Does anyone have a clue as to what such a graph should look like or why it would be impossible to make one? I have tried using the crossing number inequality or an application of Kuratowski's Theorem to show that a string representation of such a graph cannot be made to work, but so far to no avail. Any thoughts are greatly appreciated!
 A: There are some results in this direction, but it looks like this is still an open problem.
For circle graphs, this bound is just barely false. The Wikipedia page on circle graphs has a beautiful diagram of a circle graph with girth $4$ and minimum degree $5$. On the other hand, Ageev (1999) shows that any circle graph with girth $5$ has minimum degree $3$ or less.
For general string graphs, there is a surprising connection to cops-and-robbers games. Gavenčiak et al. (2015) show that the maximum cop number of a string graph is between $3$ and $15$, and observe that this implies that no string graph can have girth $5$ and minimum degree $16$: on any such graph, the robber always has at least $16$ escape routes, and no cop can block two of them, so $15$ cops cannot block all of them.

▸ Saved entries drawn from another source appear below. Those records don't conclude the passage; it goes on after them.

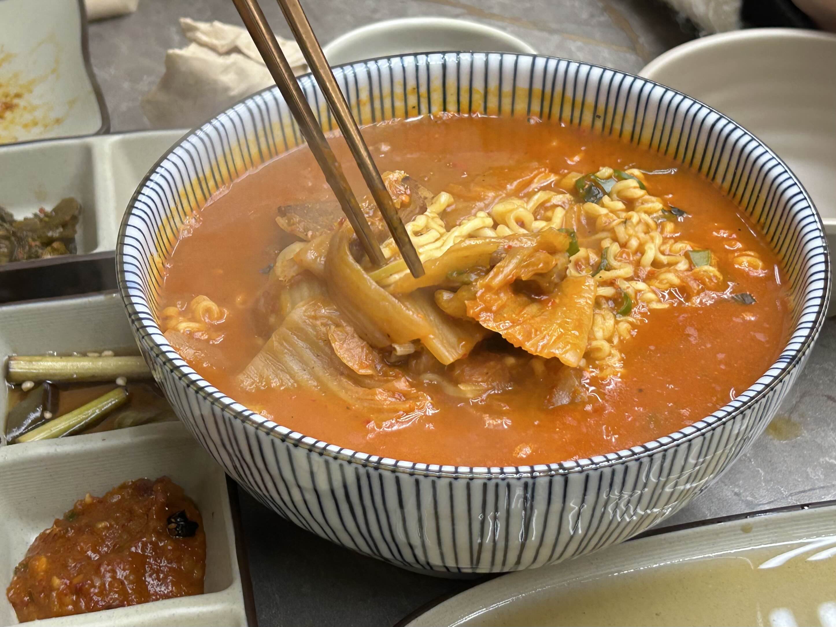 김치라면도 시켰는데 배가 터질 것 같았어요.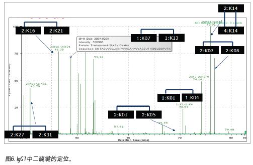 二硫鍵對于蛋白質(zhì)高級結(jié)構(gòu)的形成和功能的維持具有重要的作用,二硫鍵的定位也是蛋白質(zhì)結(jié)構(gòu)分析的重要方面。但是二硫鍵的定位一直很耗時且非常具有挑戰(zhàn)性的事情,尤其是對于含有多對二硫鍵的蛋白質(zhì),如免疫球蛋白等。沃特世公司的肽圖分析完整解決方案通過獨特的UPLC/MSE數(shù)據(jù)采集方式和功能強大的BiopharmaLynx軟件,可以快速地自動完成二硫鍵的定位分析(見圖6)。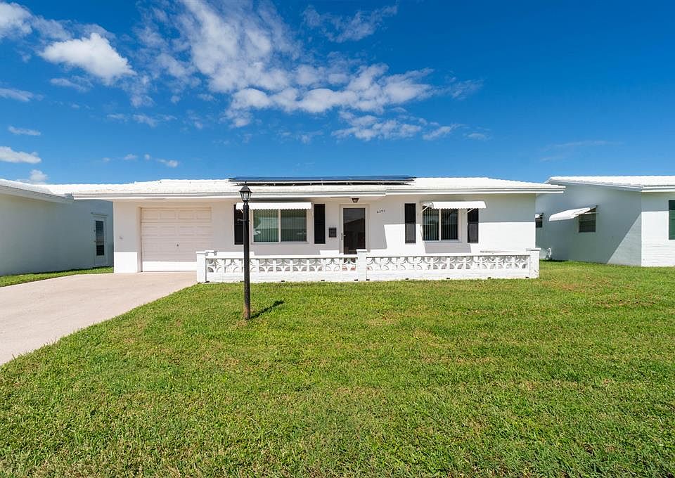 Welcome to this updated Holiday model single-family home in the 55+ community of Palm Beach Leisureville. This 2 bedroom, 1 bathroom, 1-car garage residence offers 1,011 sq. ft. of living space (1,330 sq. ft. total) with impact windows, a solar panel system, new A/C, diagonal tile floors, and a new kitchen with cabinets, appliances, and vinyl flooring. The exterior features a stamped concrete 2-car driveway for added curb appeal. Leisureville residents enjoy three clubhouses, heated/cooled pools, saunas, steam rooms, a fitness center, hobby shops, and a private 18-hole par-three golf course, all included along with free golf and lawn care.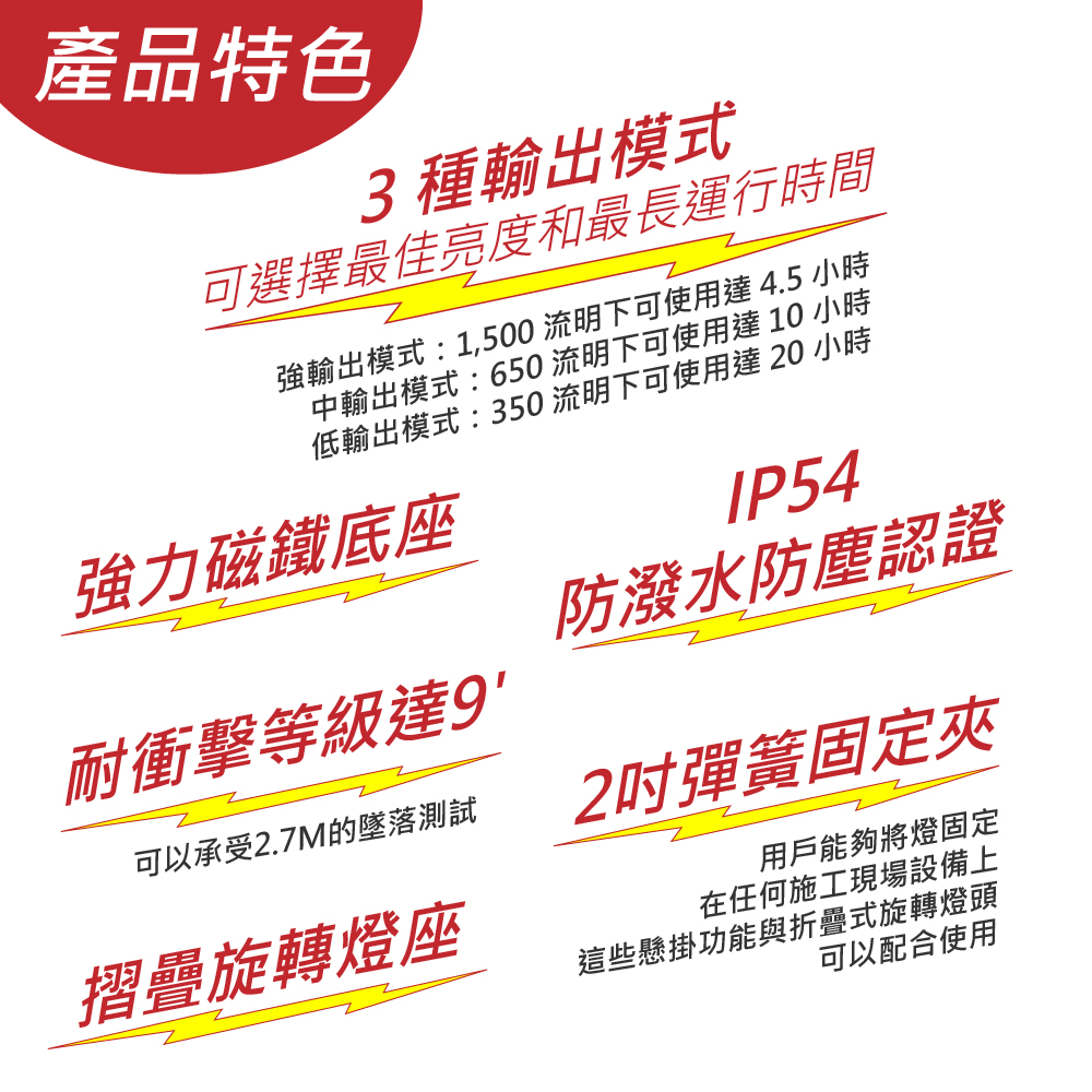 *摺疊旋轉燈座 *耐衝擊等級達 9' *IP54:防潑水防塵認證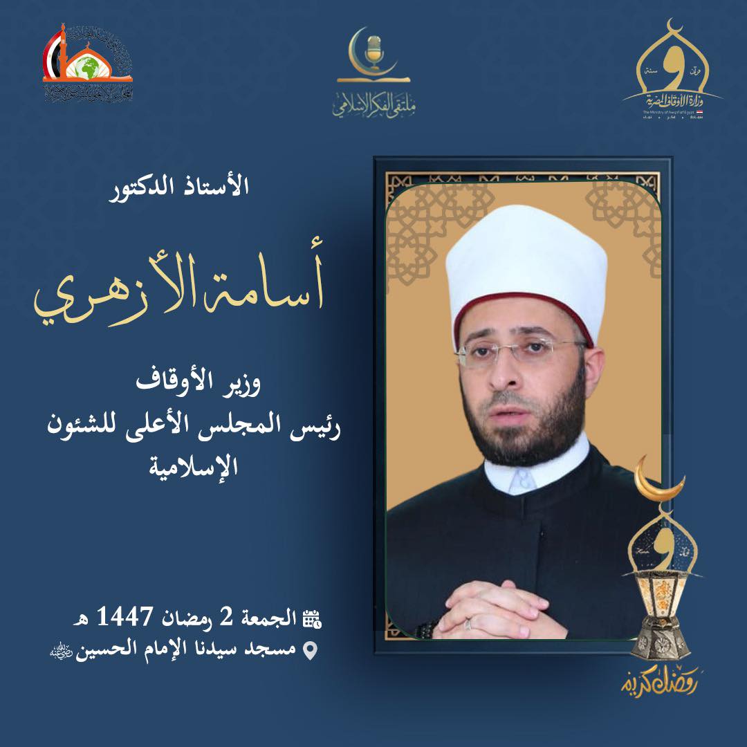 يفتتح الدكتور أسامة الأزهري، وزير الأوقاف، اليوم الجمعة، ملتقى الفكر الإسلامي، في ثوبه الجديد، بحضور ومشاركة كوكبة من العلماء؛ ليسطر حروفًا من الفكر المستنير ومن عبق التاريخ رؤيةً للمستقبل في حواره مع الإعلامي حسن الشاذلي، وذلك بعد صلاة التراويح.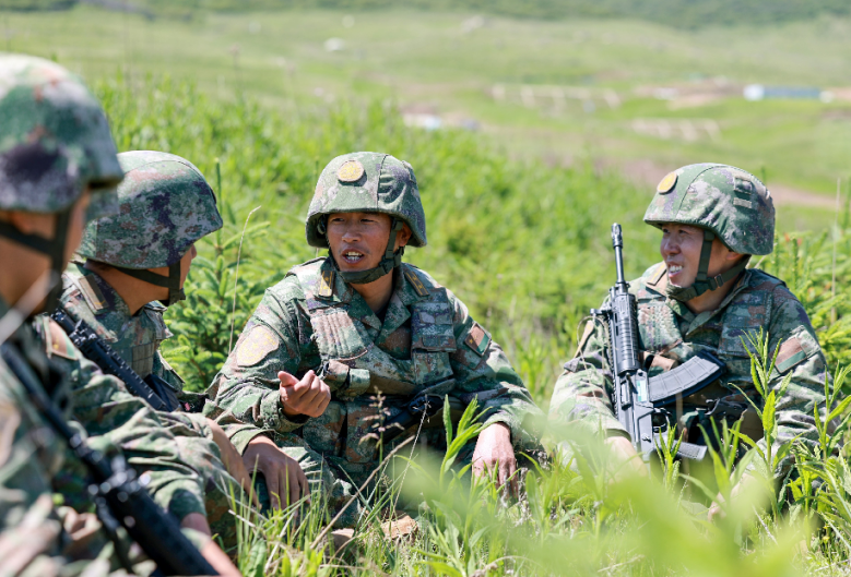 陆军第76集团军某合成旅红军营营长张灿灿(右二)在训练间隙与战士谈心。崔获阳 摄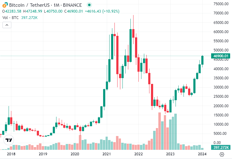 在此背景下,比特币价格站上47000美元关口,创下了 2022 年 4 月以来的 21 个月新高。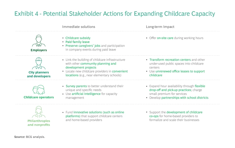 While everyone can play a role, five actors are central to building the childcare ecosystem. State and local governments, employers, city planners and developers, childcare operators, and philanthropies and nonprofits can all take steps toward improvement.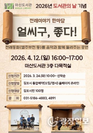 광장일보 주재영 기자 | 김포시 마산도서관은 제4회 도서관의 날을 맞아 오는 4월 12일 오후 4시부터 5시까지 마산도서관 3층 다목적실에서 전래이야기 한마당 '얼씨구, 좋다!'를 운영한다.
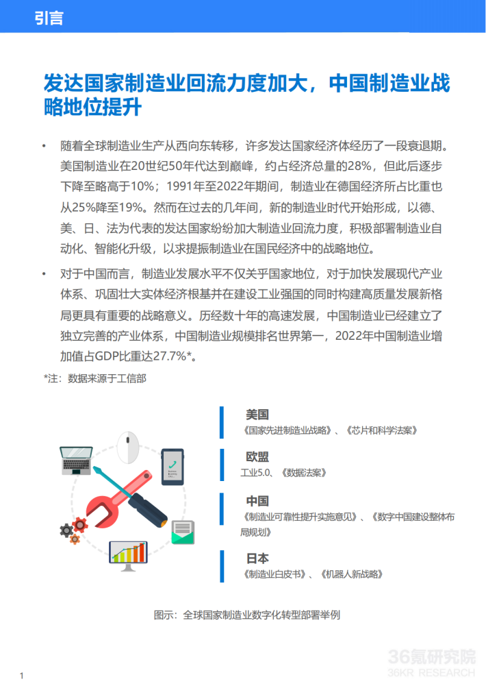 随着全球制造业生产从西向东转移,许多发达国家经济体经历了一段衰退期。美国制造业在20世纪50年代达到巅峰,约占经济总量的28%,但此后逐步下降至略高于10%;1991年至2022年期间,制造业在德国经济所占比重也从25%降至19%。然而在过去的几年间,新的制造业时代开始形成,以德、美、日、法为代表的发达国家纷纷加大制造业回流力度,积极部署制造业自动化、智能化升级,以求提振制造业在国民经济中的战略地位。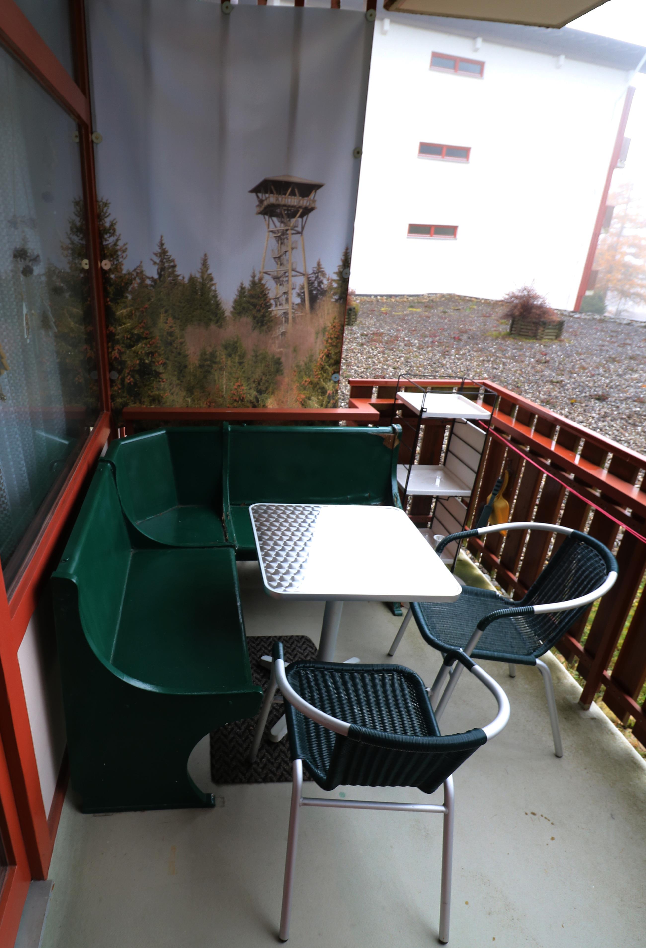 - ein Balkon mit Balkonmöbeln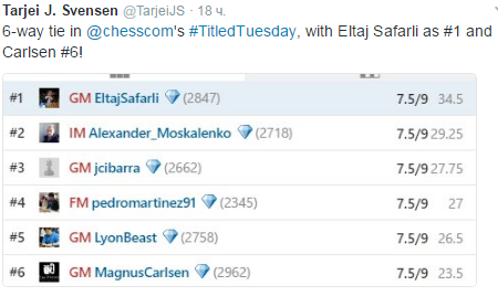 Я не слежу за этим, совсем. Знаю, что Карлсен вчера лидировал 6/6, 6.5/7, а после 9 партий получился большой дележ.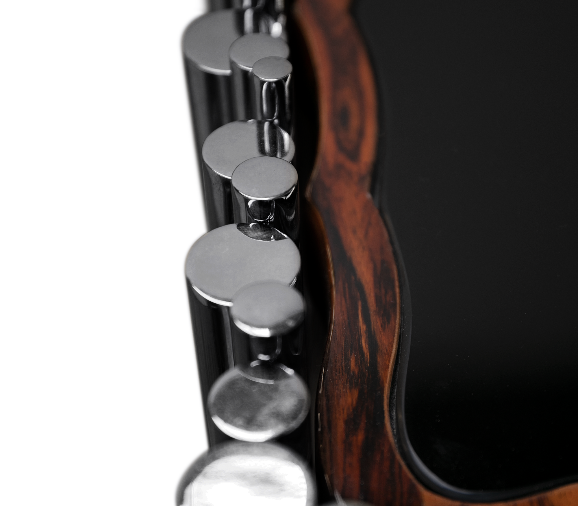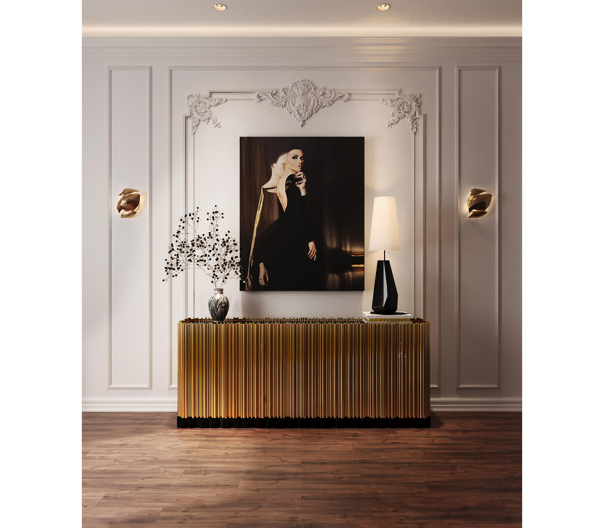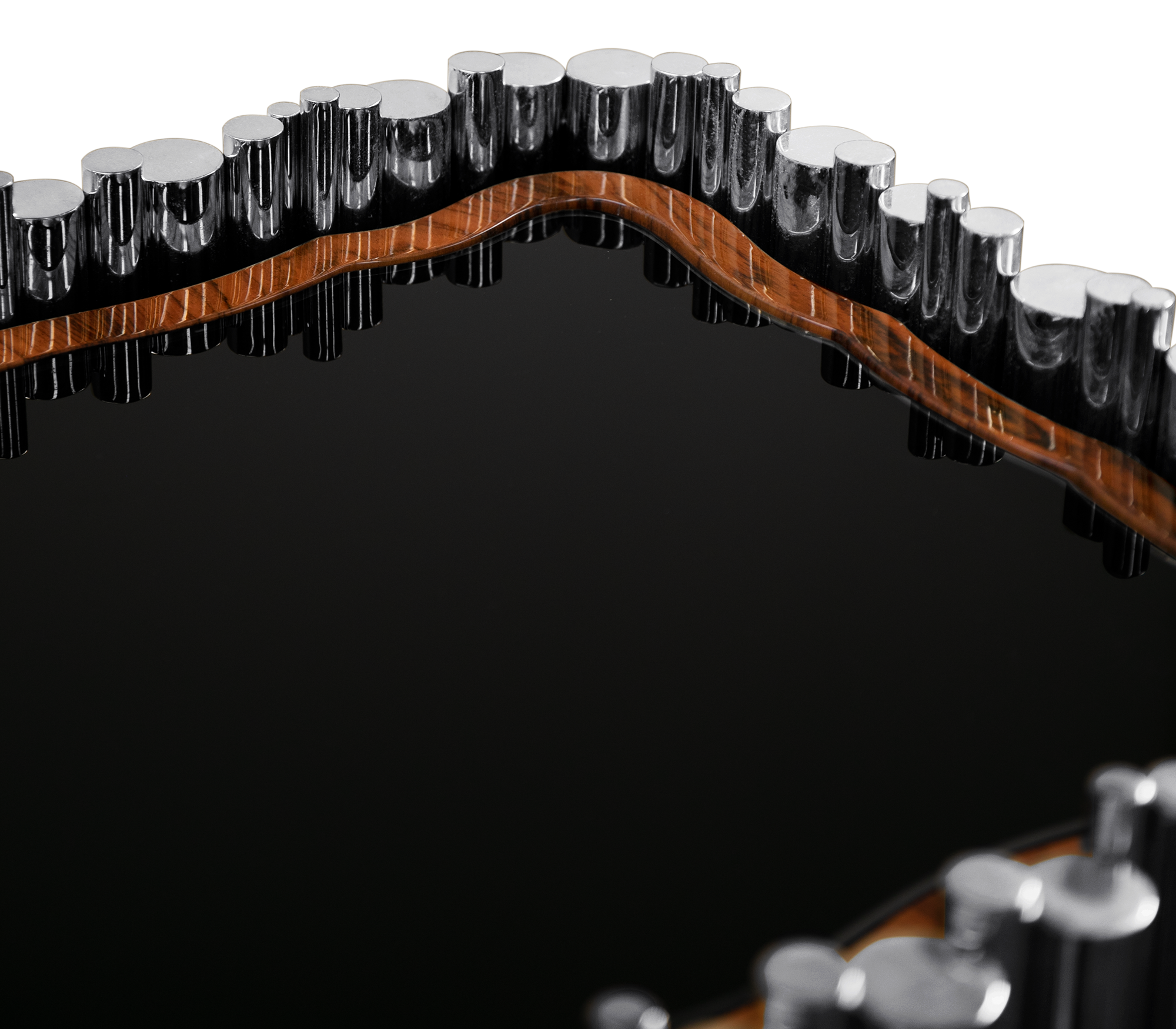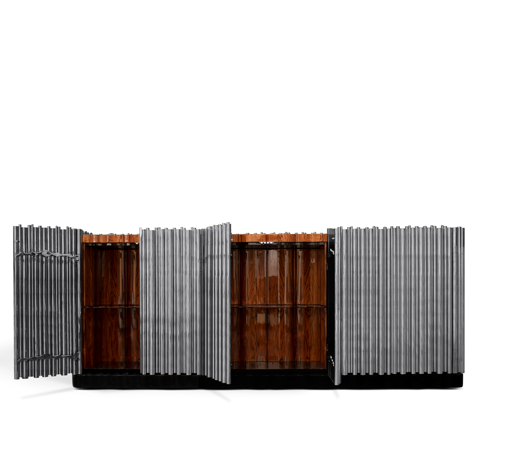 The Symphony sideboard is a statement piece whose modern design emulates the grandeur of classic church organ pipes. Synonym of innovation and flawless execution, the Symphony is one of the most exquisite pieces to grace the Limited Edition collection. It is methodically handcrafted by different master artisans, from specialized goldsmiths to the passionate wood carving craftsmen.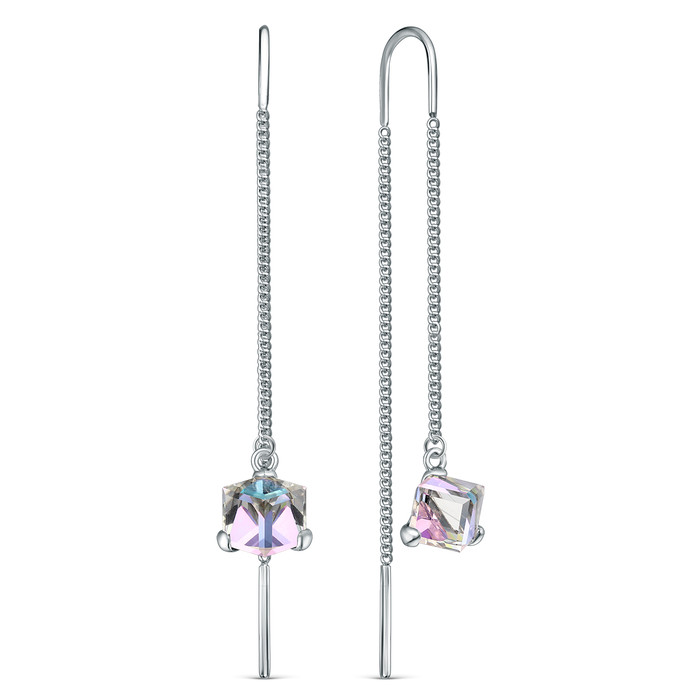 Совместные покупки Омск Ювелирные украшения и бижутерия Серьги — Серьги-продёвки из серебра с кристаллами премиум Австрия цвета розовый мистик ро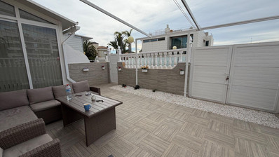 Discover this spectacular semi-detached triplex in the sought-after area of La Zenia, Orihuela Costa. With a constructed area of 120 m² and renovated in a modern style, this property offers three spacious double bedrooms distributed across three floors, ideal for families or groups seeking comfort. On the first floor, you'll find a large terrace perfect for enjoying the Mediterranean sun, as well as another glazed terrace that brings natural light into the dining room and connects it to the outdoors. Here you'll also find a fully equipped independent kitchen, perfect for creating delicious family meals. The spacious living room is ideal for relaxing after a long day by the sea. On the second floor, there are two cozy bedrooms and a full bathroom; meanwhile, the third floor features an additional bedroom next to a private office, perfect for working from home or studying, plus another conveniently located full bathroom. Its strategic location allows for easy access by public transport and is surrounded by shopping centers, satisfying all your daily needs without any additional hassle! Don't miss this unique investment opportunity so close to the ocean (just a few minutes' drive) and make it your dream home today. Shall we schedule a visit?
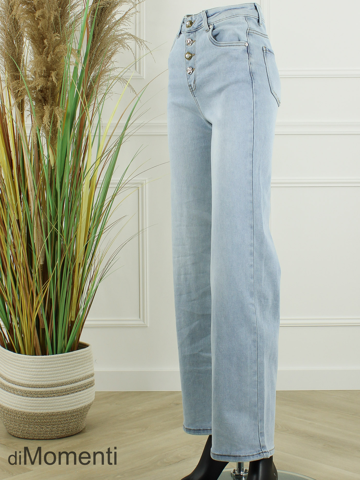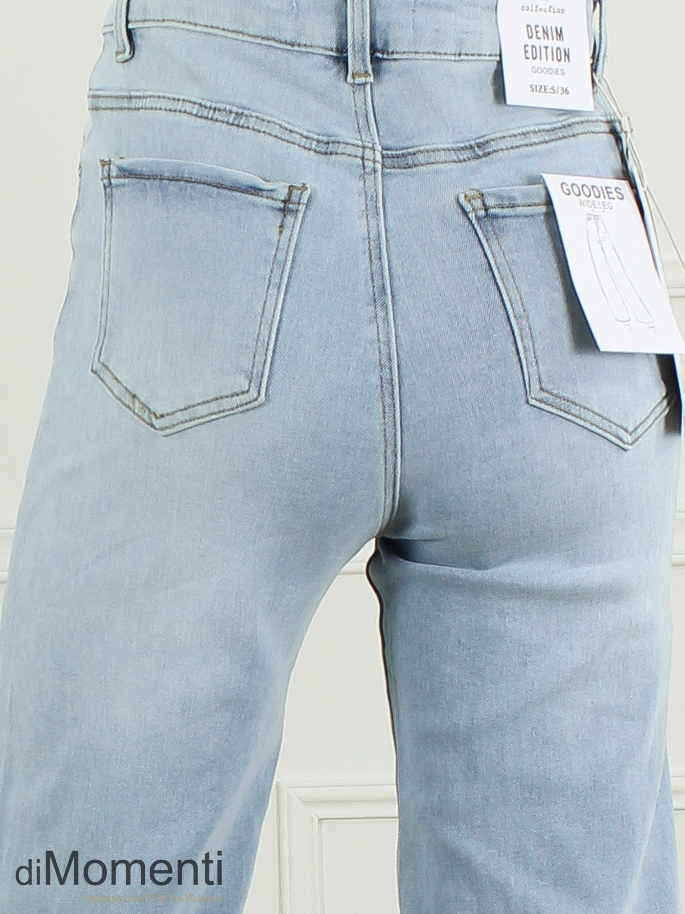 Deze Goodies wide leg jeans heeft mooie verschillende sierknopen voor een superleuke look. Deze in een nieuwe blauwe wassing gemaakte jeans heeft super stretch, ook in de tailleband, dat zorgt voor extra comfort. Hij valt perfect op maat en zorgt voor een flatterend silhouet.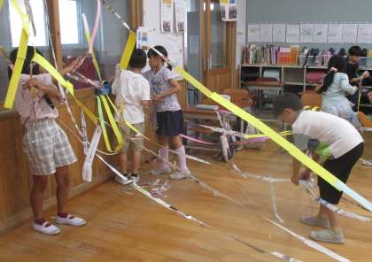 細い紙をつないだり、つるしたりして思いついたことをつくる造形遊びをしました。「みんなでつないだら楽しい。」「もっとつなぎたい。」「トンネルみたいになった。」など、おもしろい形を見付けたり、つくったものの面白さに気付きながら、楽しく活動していました。

At the very least, this implies that there's no easy construction of a string graph with girth $5$ and minimum degree $4$ that the authors of that paper could find: the same argument would show that it is a string graph with cop number $4$, improving their lower bound. (As it is, I think their lower bound comes from planar graphs, which are known to have maximum cop number $3$.)